Birth Name: | Renée Rienties |
Birth Date: | 1993 |
Birth Place: | Netherlands |
Nationality: | Dutch |
Cartoonist: | y |
Write: | y |
Art: | y |
Pencil: | y |
Ink: | y |
Color: | Y |
Website: | artofreneerienties.com |
Renée Rienties (born 1993) is a Dutch cartoonist and illustrator.
Renée Rienties graduated from the colleague Cibap in Zwolle, the Netherlands in 2015, majoring in Multimedia, but she preferred a career as an independent cartoonist and illustrator. In her youth, she was a big fan of Japanese manga comics and later American comics. As a self-taught artist, she learnt those drawing styles from an early age on. Professionally she works with a digital drawing tablet.[1] [2]
In 2016 she made her professional debut with the gag strip My Daily Life Comics. In 2017 the comic Oyasumi was released, a collection of three horror stories drawn by three Dutch mangaka, including Rienties with her story Distortia.[3] In 2018, she drew a short story for the Hollandsch Manga Anthology series. Her story was a mixture of mystery, thriller and horror.[4]
Since 2020, Rienties has been an illustrator for the children's book series Snelle Sam (Eng: Fast Sam), whose authors include Dutch Formula One television presenter Olav Mol.[5] In 2022 she initiated the comic-anthology series Figments of Passion, which was financed by crowdfunding.[4] The series brings together eleven short stories by comic artists from all around the world. That same year she was commissioned as a cartoonist for a children's comic series around Flemish pop star Camille. The first volume called Camille - Niet te stoppen! (Eng: Camille - Unstoppable!) was published in August 2023.[6] [7]

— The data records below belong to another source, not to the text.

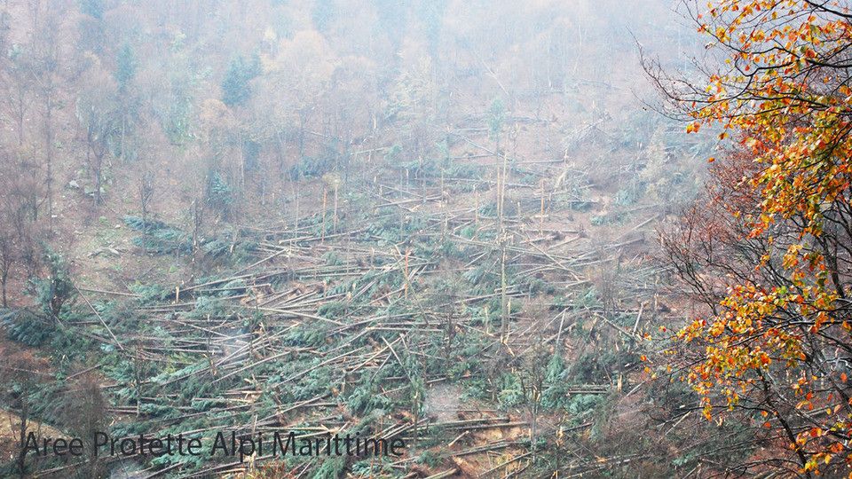 Il vento ha causato danni consistenti soprattutto a monte di San Bartolomeo e ha colpito pesantemente nei valloni di Rumiano e del Cavallo e a Certosa di Pesio.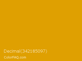 Decimal 342185097 Color is a normal orange color and the nearest color is Gamboge #e49b0f. Hex code #dfa001 and RGB value is rgb(223,160,1). In RGB color space, this color is composed of 87% red, 63% green, 0% blue, In CMYK color space, this color is composed of 0% cyan, 28% magenta, 100% yellow , 13% black , In HSL color space, this color has a hue angle of 43° , 99% saturation and 44% lightness.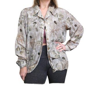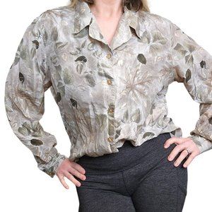Retro 90s M/L Silk Cream Nature Leaf Print Button Up Blouse Longsleeve Top Shirt

Besides being a cartoonist, Rienties works as an illustrator on commercials and promotional work for companies like the Formula 1 television programme of the Dutch channel Ziggo Sport in 2019. In her typical manga drawing style, she created the illustrations for a promotional film for the seventeenth Grand Prix at the Suzuka circuit in Japan.

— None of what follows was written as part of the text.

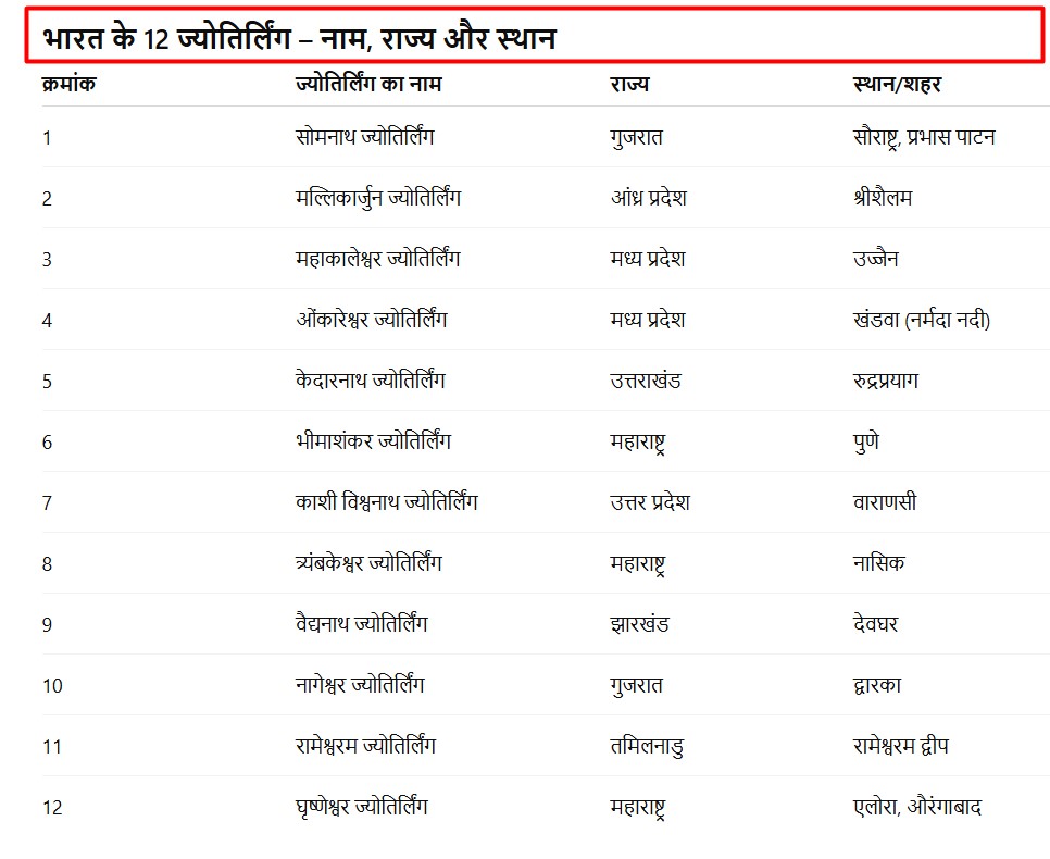 भारत के 12 ज्योतिर्लिंग कहाँ हैं? | Bharat ke 12 Jyotirlinga in Hindi

She also works as a manga coordinator and curator for The Big Draw Nijmegen, which is part of an international art and education programme in the Netherlands, Japan and South Korea.[8] [9] In 2022, she was one of six illustrators in The Big Draw's Ripple project. They were locked up in the "Besiendershuis" historical building in Nijmegen for 24 hours with the task of creating a short story that warned for the dangers of fast fashion or that made people conscious of throwing away less plastic in nature.[10]